Out at the Top

Apple’s boss has left the closet, but being gay at work is still a struggle.

WHEN American politicians, television presenters and even clergy come out of the closet these days, it barely makes the headlines. But the corporate world is different: until Apple’s boss, Tim Cook, said on October 30th that he is gay, there had never been an openly homosexual CEO of a Fortune 500 company.

The crossing of this symbolic threshold demonstrates both how much conditions have improved for gay executives and how far boardrooms lag the rest of society. Optimists see Mr Cook as the tip of an iceberg: since the average CEO is over 50 years old, others who are gay have already spent decades in the closet and are unlikely to come out now. Their successors, coming from a generation that has found it ever easier to be “out” at work, will be more visible.

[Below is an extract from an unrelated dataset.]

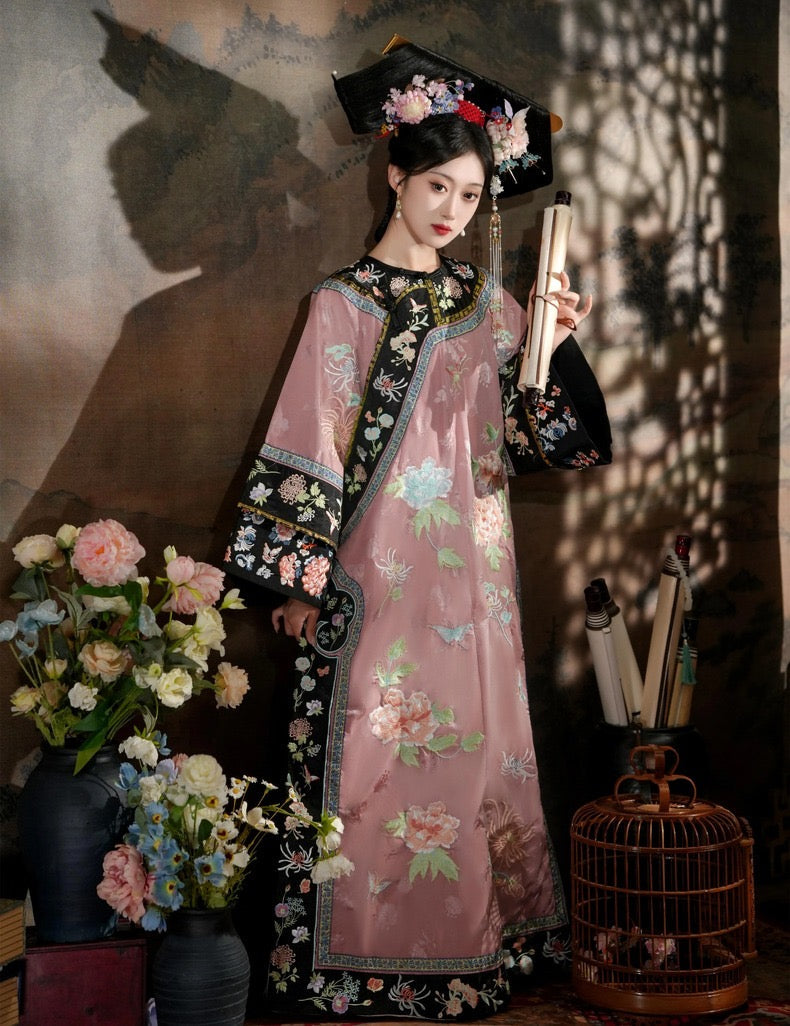 細部まで王女の優雅さを醸し出す、魅惑的な清朝スタイルの漢服ドレス。清朝時代の満州族文化の独特の魅力にインスピレーションを得たこのドレスは、あなたを時を超えた旅へと誘い、歴史の魅力を体験させます。高品質のポリエステル生地で作られたこのドレスは、軽量で快適で通気性があり、春夏の着用に最適です。

Employers used to avoid hiring gay people for fear of alienating prejudiced customers—John Browne, who ran BP until he was outed in 2007, says Walmart, based in conservative Arkansas, withdrew an invitation to join its board in deference to the “religious right”. Such concerns now look unfounded: recent campaigns to boycott Starbucks and Target shops over gay-friendly policies had little impact. The number of big American firms scoring a maximum 100 on the Human Rights Campaign’s Corporate Equality Index—which requires a “public commitment” to gay rights—has risen to 304, from just 13 in 2002.